Thursday, October 16, 2014

Deianira and erotic alchemy

Deianira's opening speech in Women of Trachis is a powerfully compressed reminiscence of a married woman in the prime of life. Exiled thanks to her husband's horrific act of violence against Iphitus, she looks back to when as a young girl, already the object of desire by the ancient bull-dragon-River God Achelous, she experienced a nightmarish dread of marriage (and of erotic desire), and a kind of dreamlike salvation through the mighty arms of Heracles.

The surfacing of those early fears leads to ruminations on what it's like to be married to a kind of superman action figure always away, always on call. Heracles is hounded by Hera, exploited by Eurystheus, dominated by Omphale, and about to be destroyed by Deianira, who speaks of her man as the sole guarantor of her and her children's lives and happiness.
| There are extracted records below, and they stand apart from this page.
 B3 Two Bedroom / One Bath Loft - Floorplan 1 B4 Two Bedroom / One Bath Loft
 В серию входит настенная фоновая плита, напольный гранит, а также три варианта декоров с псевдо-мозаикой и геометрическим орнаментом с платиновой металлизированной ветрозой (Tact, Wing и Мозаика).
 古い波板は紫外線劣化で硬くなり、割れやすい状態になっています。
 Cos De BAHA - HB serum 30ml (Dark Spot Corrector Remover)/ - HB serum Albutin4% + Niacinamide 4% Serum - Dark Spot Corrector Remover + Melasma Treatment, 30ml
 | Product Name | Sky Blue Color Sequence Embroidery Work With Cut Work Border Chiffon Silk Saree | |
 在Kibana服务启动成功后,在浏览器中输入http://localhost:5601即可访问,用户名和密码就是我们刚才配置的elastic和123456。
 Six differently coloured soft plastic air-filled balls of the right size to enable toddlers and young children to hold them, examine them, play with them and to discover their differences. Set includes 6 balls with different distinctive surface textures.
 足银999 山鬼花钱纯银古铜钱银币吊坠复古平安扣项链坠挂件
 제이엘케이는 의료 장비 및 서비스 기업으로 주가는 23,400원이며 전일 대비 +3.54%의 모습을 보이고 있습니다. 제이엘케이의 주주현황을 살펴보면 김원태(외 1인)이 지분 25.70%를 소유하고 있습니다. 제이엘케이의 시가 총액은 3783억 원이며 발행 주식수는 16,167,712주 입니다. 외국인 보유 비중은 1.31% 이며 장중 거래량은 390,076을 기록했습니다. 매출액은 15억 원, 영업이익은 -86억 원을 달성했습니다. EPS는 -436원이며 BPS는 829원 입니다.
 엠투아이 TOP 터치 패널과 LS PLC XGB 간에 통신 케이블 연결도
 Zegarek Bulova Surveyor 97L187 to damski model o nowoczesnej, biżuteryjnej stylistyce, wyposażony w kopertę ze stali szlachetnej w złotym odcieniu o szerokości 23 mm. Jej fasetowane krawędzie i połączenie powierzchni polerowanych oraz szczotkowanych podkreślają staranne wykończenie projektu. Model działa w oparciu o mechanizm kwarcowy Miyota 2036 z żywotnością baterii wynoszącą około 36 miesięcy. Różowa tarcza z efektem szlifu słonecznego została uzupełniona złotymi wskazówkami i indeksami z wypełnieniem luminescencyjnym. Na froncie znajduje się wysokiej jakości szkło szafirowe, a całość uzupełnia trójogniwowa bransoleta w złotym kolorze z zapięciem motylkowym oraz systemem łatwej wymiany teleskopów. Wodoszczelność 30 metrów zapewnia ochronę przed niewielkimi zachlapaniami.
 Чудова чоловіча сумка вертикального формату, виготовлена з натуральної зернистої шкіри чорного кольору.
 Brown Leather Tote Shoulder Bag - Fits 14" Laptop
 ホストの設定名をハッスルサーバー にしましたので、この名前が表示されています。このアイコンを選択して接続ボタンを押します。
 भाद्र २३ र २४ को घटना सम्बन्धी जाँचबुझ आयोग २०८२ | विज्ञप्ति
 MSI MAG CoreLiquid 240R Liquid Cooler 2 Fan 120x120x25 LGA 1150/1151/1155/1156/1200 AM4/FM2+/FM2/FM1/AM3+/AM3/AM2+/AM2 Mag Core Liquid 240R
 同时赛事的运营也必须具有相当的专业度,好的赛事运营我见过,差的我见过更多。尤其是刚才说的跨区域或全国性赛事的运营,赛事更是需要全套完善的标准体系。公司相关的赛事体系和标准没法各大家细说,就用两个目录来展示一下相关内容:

Trachis opens at ground level, exposing the roots of men and women, the latent terrors and erotic alchemy that make it possible for a young virgin to be attractive to an ancient shape-shifting god who's the scariest thing imaginable to her; etching as well the status of a woman, a centripetal home-maker (and fertile seedbed) yoked to a potent wandering Punisher who is subject in turn to the inestimable enmity of the most powerful goddess.
ἐγὼ γὰρ ἥμην ἐκπεπληγμένη φόβῳ 
μή μοι τὸ κάλλος ἄλγος ἐξεύροι ποτέ
But I was struck with terror,
lest my beauty should win me torment in the end.
Right from the start, Sophocles enmeshes us in a web of opposites that repel and attract. Deianira's word for being "struck" is ἐκπλήσσω:  It carries the sense of being driven out of one's senses by shock, fear, or amazement; panic-struck. It means can also mean: seized with desire, love-struck. 

The opening of Women of Trachis is seething with latent forces, desires, and fears, some of the deepest known to women and to men. Torment and beauty sit at the root of Deianira's and Heracles' world. One might describe such an opening, in short, as over-sexed.